If you try this on a regular basis the chances that you will engage in self- mutilating behavior such as nail-biting and prescription pill addiction are substantially lowered.
It is associated with an overall improved performance in the area of personal hygiene. It’s also associated with running, swimming, yoga and a preference for ‘joining in’ when there’s a group exercise activity like dancing or softball or helping a friend move. It whitens the whites of your eyes.
But it doesn’t just make you beautiful on the outside.
It makes you kind. It makes you a better person. A better mother. A better friend. A better you. It’s makes you bake for school bake-sales and clean out closets so you can donate gently-used baby items to homeless, single mothers. It enhances job performance. It makes you more likely to fix the printer yourself or call Sprint to trim some of those unnecessary expenses. It makes you more likely to read the newspaper and show empathy for suffering in the world.
It also makes you happy. And not just because you look better and everyone loves the brownies you baked for the bake sale and the homeless women in your town have swaddling blankets for their babies. But because it literally goes into the brain and replaces a circuitry of doom with a dopamine firing squad that bombards your neurons with an overwhelming sense of security and well-being.

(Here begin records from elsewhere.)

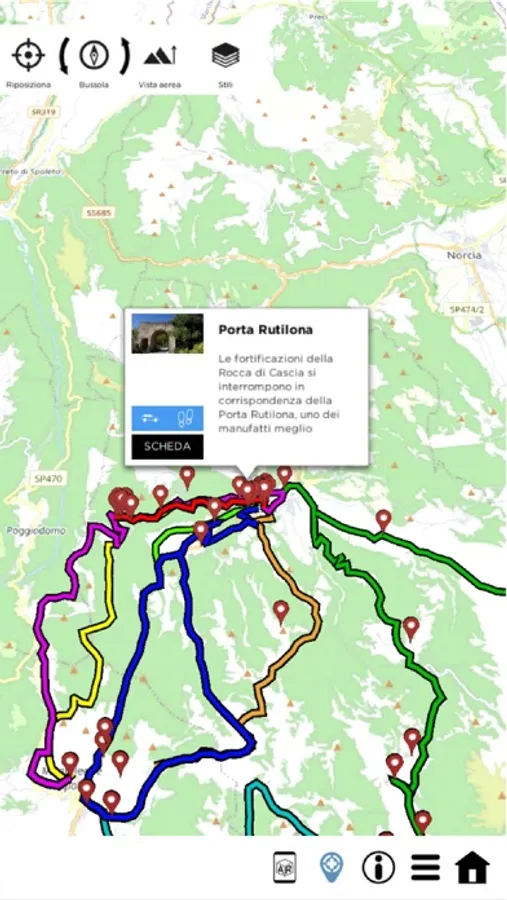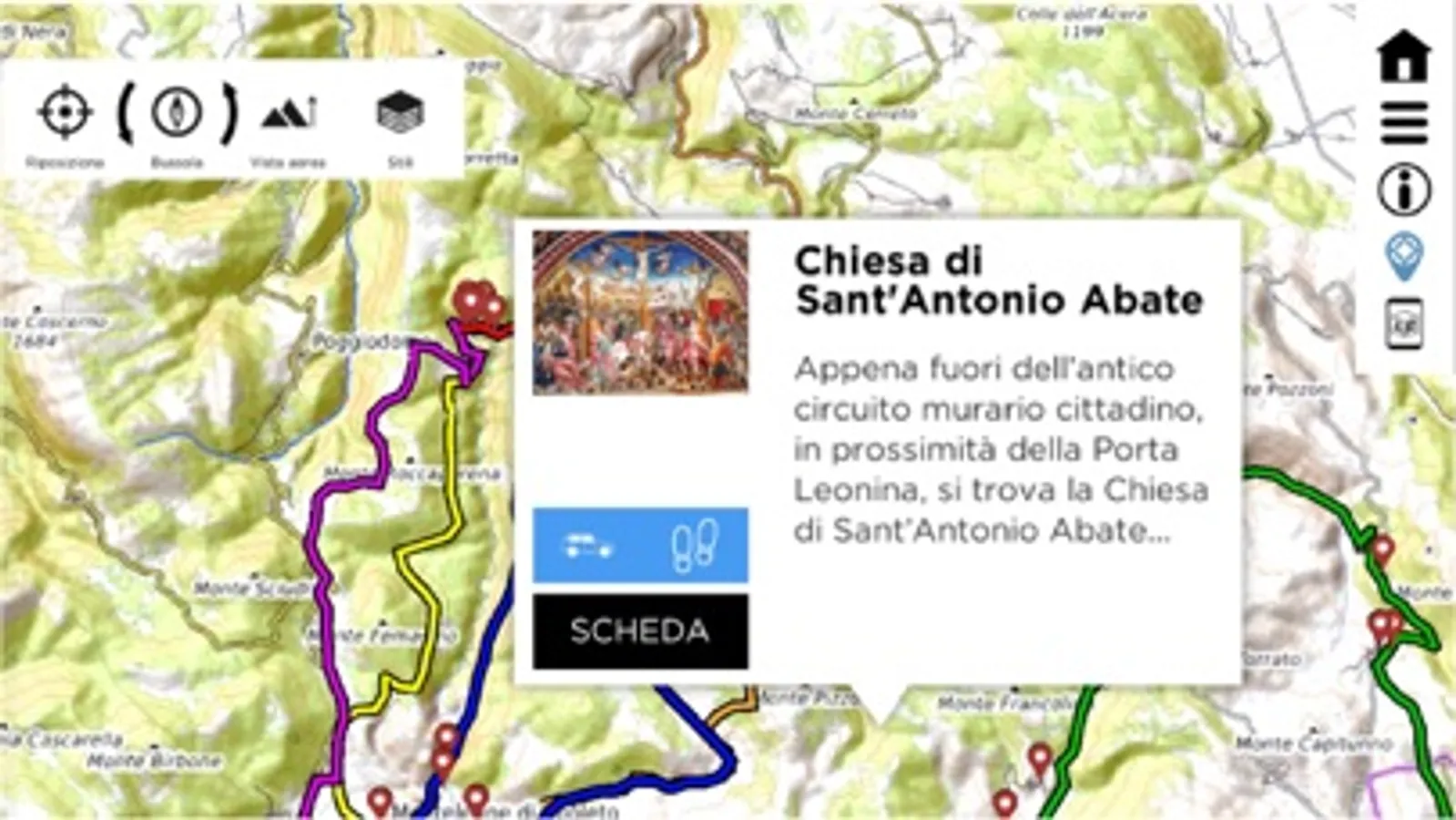 L’Applicazione è disponibile per dispositivi Ios e permette all’utente di fruire dei monumenti, dei siti di interesse e dei percorsi sentieristici, attraverso l’interazione con i sistemi integrati dello smartphone (geolocalizzazione, mappa degli itinerari, navigatore) La grande novità di questo sistema è la possibilità per il visitatore di scaricare una unica APP che gestisce visite guidate, percorsi cittadini ed esperienze outdoor contemporaneamente, basandosi su un sistema open data. L’APP consente inoltre di effettuare esperienze di visita sia online che offline, senza necessità di utilizzo della rete in continuo, gestire itinerari outdoor grazie alla integrazione dei diversi sensori del telefono, con possibilità di risoluzione spaziale molto elevata, gestire informazioni multitematiche ed eventi differenti.
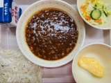 今日の給食は『豊田めん、牛乳、ミートソースかけ、オムレツ、サワーキャベツ』です。...
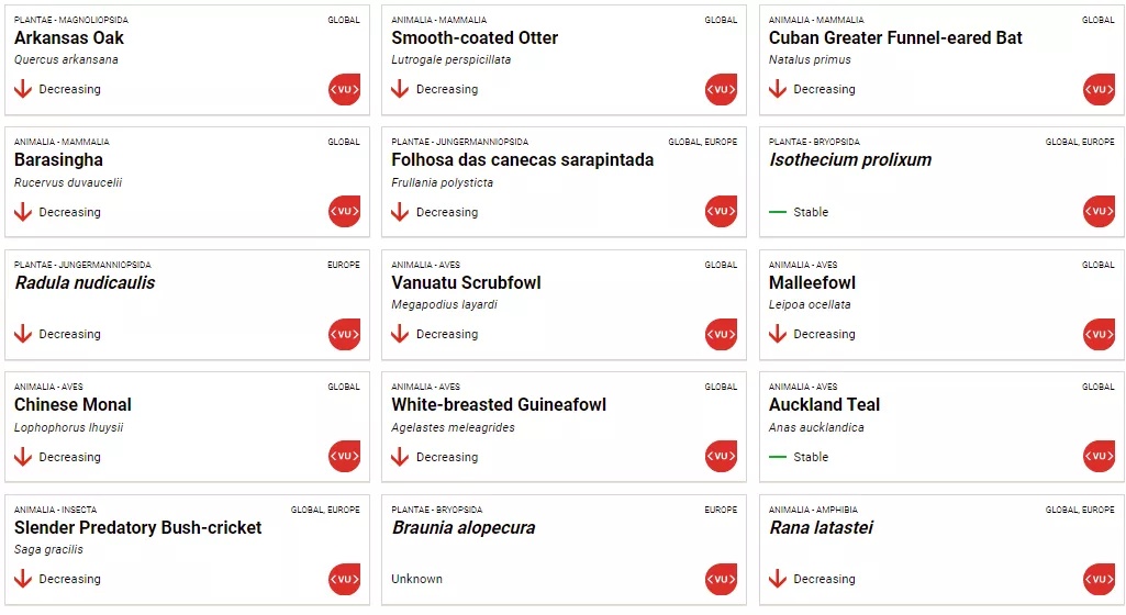 CD君在世界自然保护联盟的网站上发现,即使是易危物种,很多种群的数量也在持续下降或勉强持平。
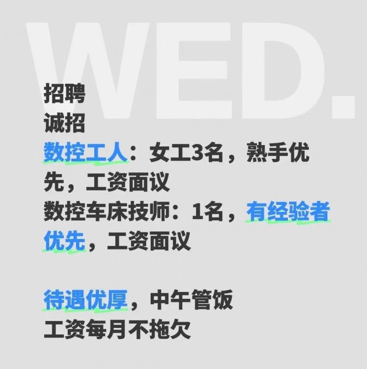 1、数控女工3名; 2、数控车床技师1名; 有经验者优先,工资面议待遇优厚; 中午管饭工资每月不拖欠
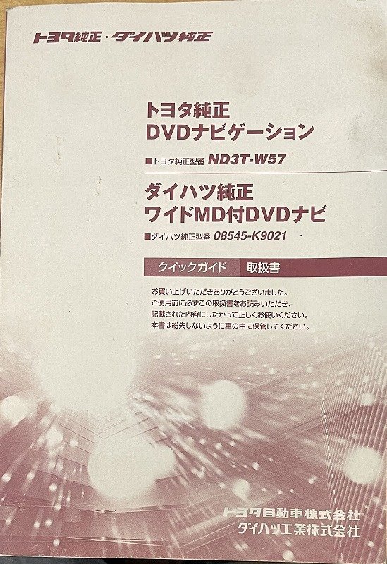 - ★トヨタ純正・ダイハツ純正★DVDナビゲーションND3T-W57・ワイドMD付DVDナビ08545-K9021 クイックガイド 取扱書21 #09Z3039a96
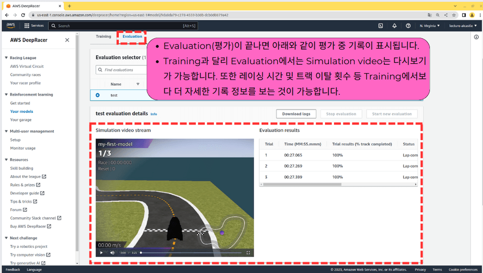 AI Castle được xếp hạng số 1 trong bảng xếp hạng chính thức của DeepRacer Hàn Quốc năm 2023!

Double-blind, randomly controlled trials have shown that it reduces inexplicable depression, free floating anxiety, existential despair and “grumpiness.”
Research has also clearly demonstrated that without it you will be and have none of the things listed above. You will look sallow and dour. You will have bags and pouches and a noticeable slump. Your muscle tone will deteriorate. You’ll drive two blocks to buy milk instead of walk. You’ll sit in your drive-way afterwards and cry. You’ll think pushing a happy child on a swing is a blatant metaphor for your miserable Sisyphean life. You’ll lose the ability to answer the question, “what would be fun to do today?” You might lose your job, or never get one. You’ll watch TV until the last talk show host hosts the last show of the night.
Studies have shown that people will die without it.
As a parent, you’ll never get enough.
I’m talking about sleep.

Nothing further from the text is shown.